1. All further references to "Rule" or "Rules" are to the Federal Rules of Civil Procedure unless otherwise noted.
2. Having determined that oral argument was not of material assistance, the Court ordered this matter submitted on the briefs in accordance with Local Rule 230(g).
3. Unless otherwise noted, the facts contained in this section are drawn, sometimes directly, from the allegations contained in the SAC.
4. The documents forwarded by the Union on June 29, 2016 were not included as Exhibits to the Second Amended Complaint but have been attached to the Harland Declaration in support of the instant motion. Because the documents are discussed within the body of the SAC itself, however, they may properly be considered in the context of this Rule 12(b)(6) motion despite not being physically attached to the pleading. Branch v. Tunnell, 14 F.3d 449, 451 (9th Cir. 1994). Moreover, Plaintiff, in his opposition, agrees that the documents should be considered in adjudicating this motion.

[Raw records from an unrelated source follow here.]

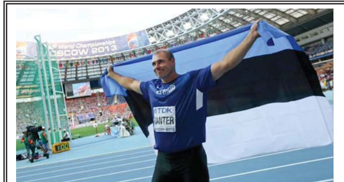
Gerd Kanter tähistamas Eesti lipuga pronksmedali saavutamist.

Kanter tunnistas pärast võistlust, et ta ei leidnud õiget rütmi. Kanter lisas, et hiljutine seljavigastus teda ei seganud ja vorm on tegelikult korralik. (PM/EE)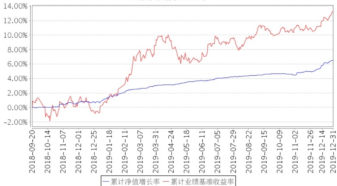
招商稳祺定期开放混合型证券投资基金累计净值增长率与同期业绩比较基准收益率的历史走势对比图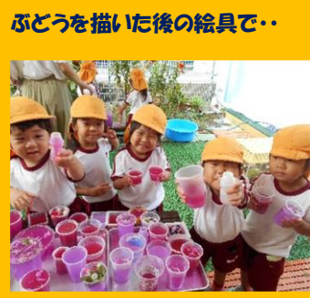
ぶどうを描いた後の絵具で・・・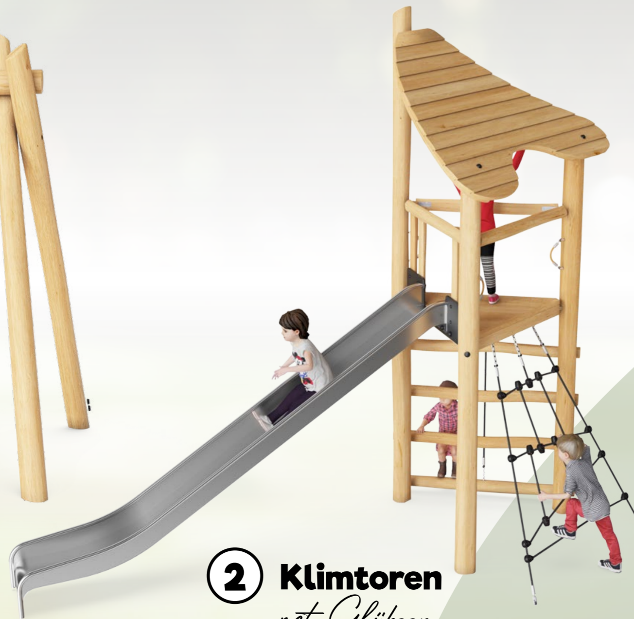
2 Klimtoren met Glijbaan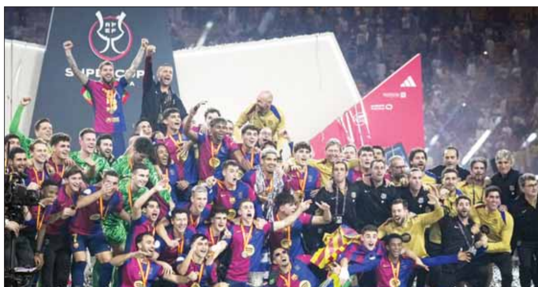
تتويج برشلونة باللقب الخامس عشر للسوبر الإسباني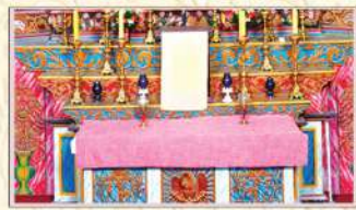
വി. ചാവറയച്ചൻ ബലിയർപ്പിച്ചിരുന്ന ബലിപ്പീഠം പ്രധാന അർത്ഥത്തിൽ സൂക്ഷിച്ചിരിക്കുന്നു.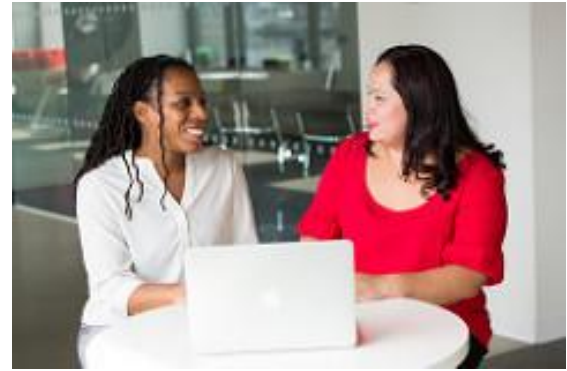
Janique-ka John, burtonsusan1, colibricansada ja John Smith: Women in Tech. Lähde: Flickr, lisenssi CC BY.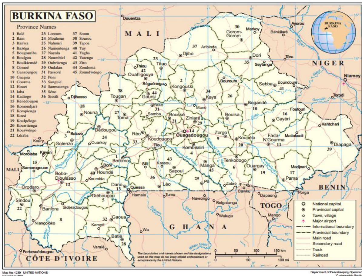
Map No. 4230 UNITED NATIONS November 2004

“ Terra dos homes honestos ” é o significado de Burkina Faso , nome adoptado oficialmente en xullo do 1984 por un país que ata entón denominábase Alto Volta, unha antiga colonia francesa que se independizou da metrópole o 5 de agosto do 1960.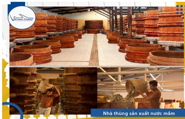
Nhà thùng sản xuất nước mắm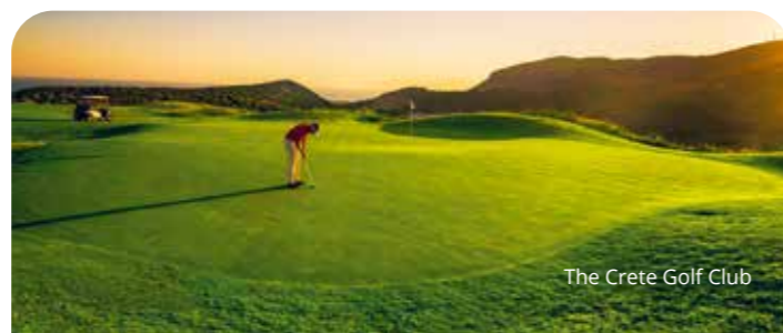
The Crete Golf Club

Exklusives Ambiente, luxuriöse Ausstattung und erstklassige Golfbedingungen – Das 4-Sterne Resort Aphrodite Hills liegt inmitten des gleichnamigen 18-Loch Championship Courses in den Hügeln über Paphos. Auf einer Höhe von 200 Metern bietet der Platz von nahezu allen Spielbahnen traumhafte Ausblicke auf das Meer. Eine Mischung aus modernem Design und traditionell zypriischem Dekor charakterisiert die großzügig gestalteten Zimmer. Der ausgezeichnete Spa-Bereich lädt zum Entspannen ein.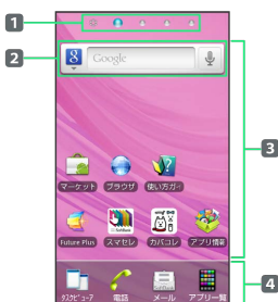
グリッドホーム画面（シート2（～10））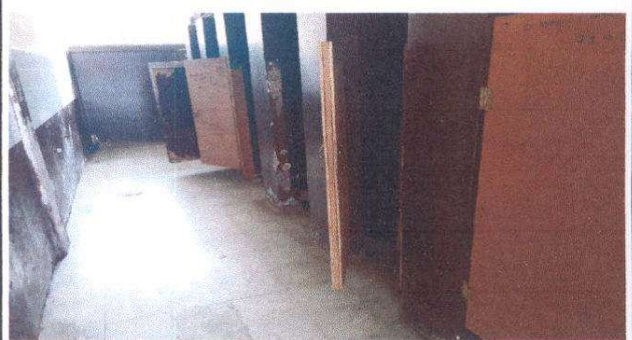
Instalación de azulejo y piso antideslizante.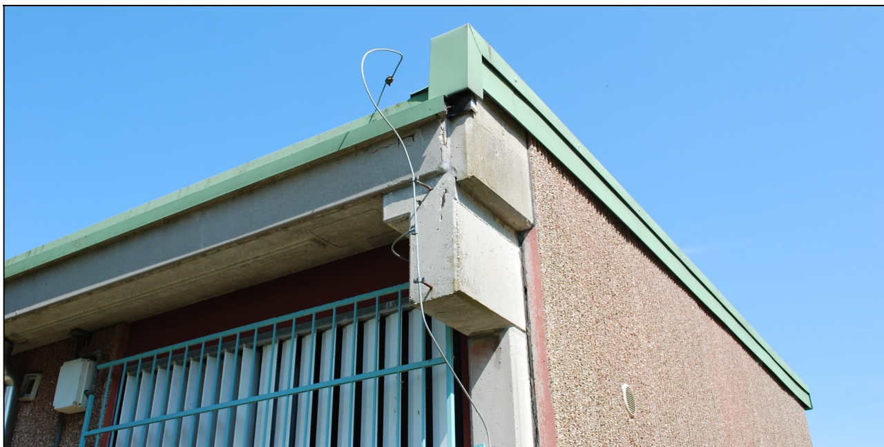
Particolare della struttura prefabbricata in c.a.

5. The Court recognizes that the Union has made additional arguments in its Motion as to why, even apart from exhaustion, Plaintiff has failed to state a viable duty of fair representation claim. Because, as set forth above, the Court concludes that Plaintiff cannot even meet the threshold requirement of showing that he has exhausted his contractual rights under the CBA so as to make his claim against the Union proper in the first instance, the Court need not rule on those remaining arguments and declines to do so.